Afrimat announced in June that it was buying 100% of Lafarge SA and its subsidiaries, collectively known as the LSA Group, which is owned by a subsidiary of Swiss-French multinational building materials manufacturer Holcim Group, for nearly R1bn.
The merger, touted by analysts as the “deal of the century”, will give Afrimat access to some of the best assets in the SA construction industry, amid a lift in demand, at a discounted price. This will allow the company valued at about R10bn on the JSE to enhance operational efficiency and meet customer demand.
Delivering a pre-close update on Friday, CEO Andries van Heerden said the regulatory hurdles associated with acquiring Lafarge were in their last phase, yet stalling.
After receiving approval from the financial surveillance department of the Reserve Bank in July, followed by the green light from the Botswana and Eswatini competition authorities in August and consent from the mineral resources and energy minister in October, the group is facing one last hurdle to complete the acquisition.

Afrimat needs approval from the Competition Tribunal, after the Competition Commission conditionally gave the merger the go ahead.
“The [commission’s] conditions are acceptable to us — we can work with them,” said the CEO, but lamented that the tribunal has had to investigate claims made by “opportunists”.
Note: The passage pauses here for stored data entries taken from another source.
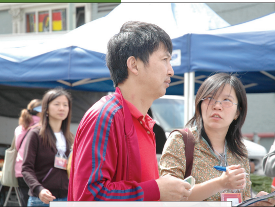
參加者每日下午都要走上街頭，實踐上午所學習的傳福音技巧。
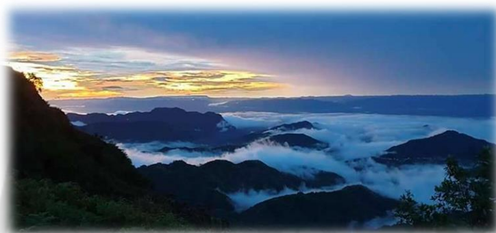
ภาพประกอบ 7 ผาซ่อนแก้ว

ผาซ่อนแก้ว (ผาตัดหรือดอยเขาขาด) เป็นเทือกเขาสูงกว่าระดับน้ำทะเล ประมาณ 1,400 เมตร ด้านทิศตะวันออกเป็นหน้าผาสูงชัน มีเขตแดนติดต่อกับตำบลเข็กน้อย และตำบลแคมป์สน อำเภอเขาค้อ จังหวัดเพชรบูรณ์ พื้นที่บนยอดเขาขาดบางส่วนเป็นพื้นที่ราบสูง บางส่วนลาดชัน อากาศเย็นสบายตลอดปี มีธรรมชาติที่สวยงาม มีพันธุ์ไม้ป่าหลายชนิดที่หายาก อีกทั้งยังเป็นที่อยู่อาศัยของสัตว์ป่าสงวนหลายชนิด เช่น เลียงผา ลิง นกชนิดต่าง ๆ เป็นต้น
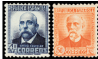
1350 30 €
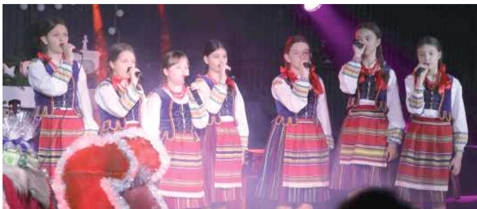
Zwieńczeniem wydarzenia był występ gminnego zespołu „Drelowskie Kukaweczki”

Scena Gminnego Centrum Kultury w Drelowie wypełniła się 21 grudnia muzyką i bożonarodzeniową atmosferą. Wszystko dzięki trzeciej edycji Świątecznego Koncertu, podczas którego wystąpiło ponad dwudziestu wokalistów i instrumentalistów z terenu gminy Drelów oraz okolic.
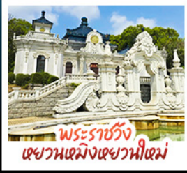
พระราชวัง เฉียนเหมิงเฉียนเหมิง
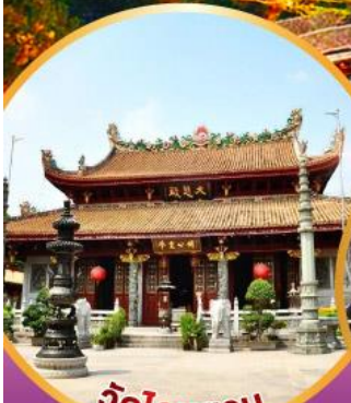
วัดโคทหยวน

Despite the commission’s recommendation, the tribunal decided to hold a preliminary public hearing in December. Three interested parties eventually joined the matter.
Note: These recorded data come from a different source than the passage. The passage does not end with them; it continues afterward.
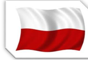
سفارة دولة اندونيسيا
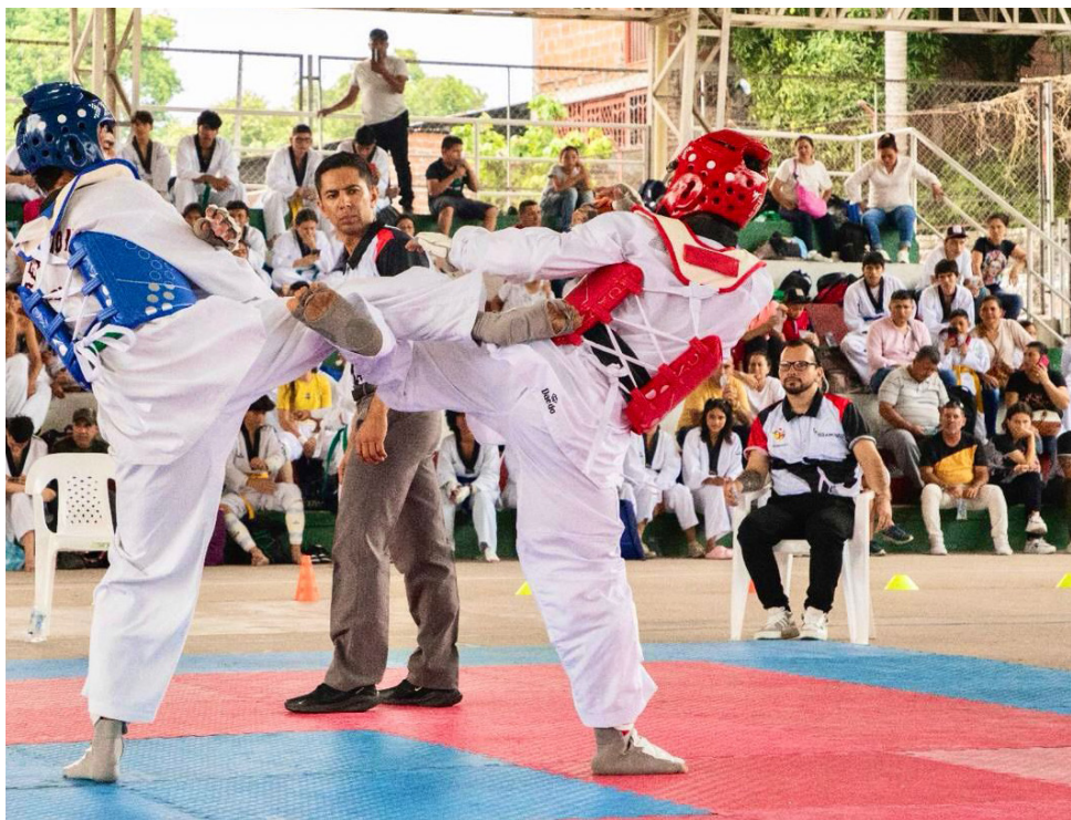
El objetivo principal de este campeonato fue establecer el ranking departamental del Taekwondo.

En conclusión, el Taekwondo en el Huila está en un momento de auge y crecimiento, gracias al compromiso y la dedicación de todos los involucrados en su promoción y desarrollo. Eventos como el campeonato departamental son fundamentales para seguir impulsando este deporte y para brindar oportunidades a los jóvenes talentos que representarán con orgullo al departamento en futuros eventos nacionales e internacionales.
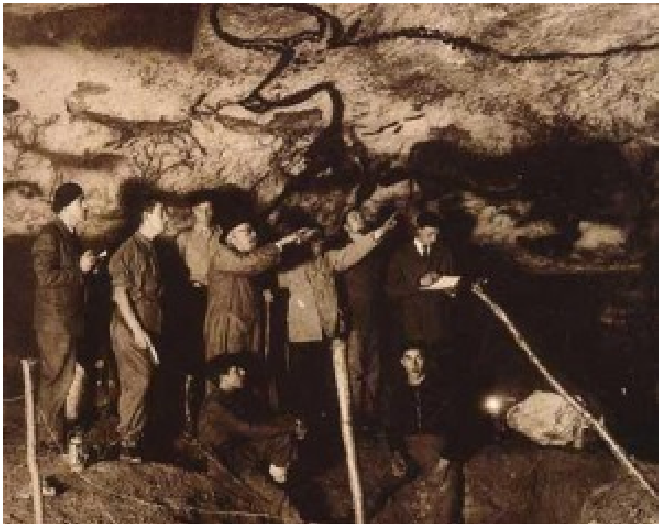
I primi visitatori delle grotte di Lascaux in una fotografia del 1940.

occidentale, “quadri” sono le tesi delle avanguardie novecentesche, “quadri” sono gran parte degli oggetti circolanti nel mercato dell’arte, “quadri” sono la quasi totalità di quanto è esposto nel circuito delle grandi mostre visitate da folle imponenti.
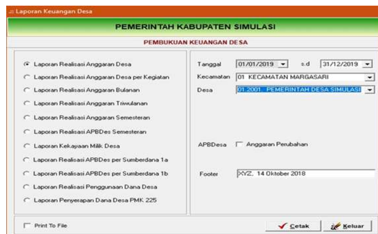
Gambar 4.35 Menu Laporan Pembukuan

Laporan pembukuan digunakan untuk mencetak laporan keuangan pemerintah desa. Untuk mencetak laporan pembukuan klik menu Laporan Pembukuan sehingga tampak sebagai berikut:
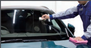
圧倒的な撥水力で雨の日の視界確保。
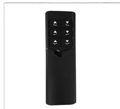
1 télécommande sans fil par sommier

IMPORTANT — À lire soigneusement — À conserver pour consultation ultérieure.
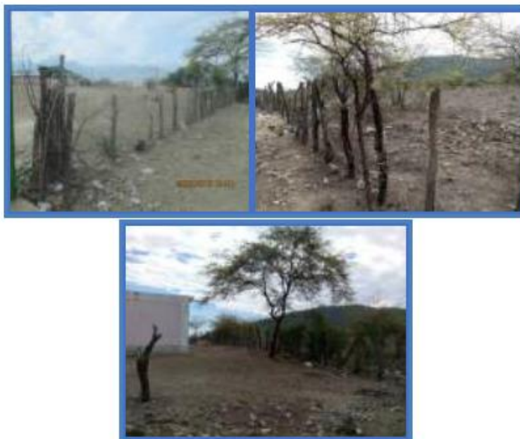
Fotos N° 74 al 76 : En vistas se observa cerco perimétrico de palos de algarrobo con alambre de púas en todo el perímetro de la Institución, no proporciona seguridad a la población escolar.

Pese a que es de gran importancia contar con un cerco perimétrico que le permita a la I.E. proporcionar seguridad a la población escolar, así como a su infraestructura y equipamiento, esta institución no cuenta con uno que brinde el respaldo deseado ya que la I.E. está cercada 660.00 ml. por palos de algarrobo con alambres de púas en todo el perímetro del terreno presentando un pórtico de ingreso conformado por un portón metálico a dos hojas para el ingreso y salida de los alumnos.

On Friday, Van Heerden said the delays were a stumbling block for Afrimat’s strategy but also put the livelihoods of Lafarge employees at risk.
“We’ve reached a very, very frustrating phase of the transaction,” he said. “There are a few opportunists that are trying to get some benefits for themselves in the process and it is highly frustrating and obviously a risk for the Lafarge employees because the business is not doing well at the moment and it desperately needs strong management to turn it around.”
“There are 800 people in that business whose jobs are on the line if this deal doesn’t go through”.
Notwithstanding the protracted obstructions, Van Heerden was still upbeat about closing the deal, saying, “It will take a lot for us to walk away from this transaction; this is a crucial deal. We would be very sorry if we couldn’t get this transaction through as it’s a valuable business.”
The group said it was seeing improvements in most of its divisions including the construction materials segment, which saw an increase in demand for road-building materials and a rise in ballast sales to Transnet.
However, the industrial minerals segment was battling to recover, having come under pressure in the first half while the iron ore business was slowed down by Transnet inefficiencies making it unable to fully capitalise on lower shipping rates and favourable currency movements.
“We have seen a nice increase in volumes year on year,” said Van Heerden, “The really bad part of Transnet is actually the domestic side so we are trucking quite a large volume of the sales to ArcelorMittal by road.”
He said the resilience of the group’s diversification strategy away from exports to more domestic business was boding well for Afrimat given the rail and port challenges.
“Where just over a year ago we were very exposed to the export market, in the bigger scheme of things we are becoming less and less exposed to that market and the volatility of international prices,” he said. “So I think the strategy is working and I believe the business is in a good shape.”
At 2.30pm on Friday, Afrimat’s shares had risen 0.78% to R62.99, bringing its gains over the past three months to 12.5%.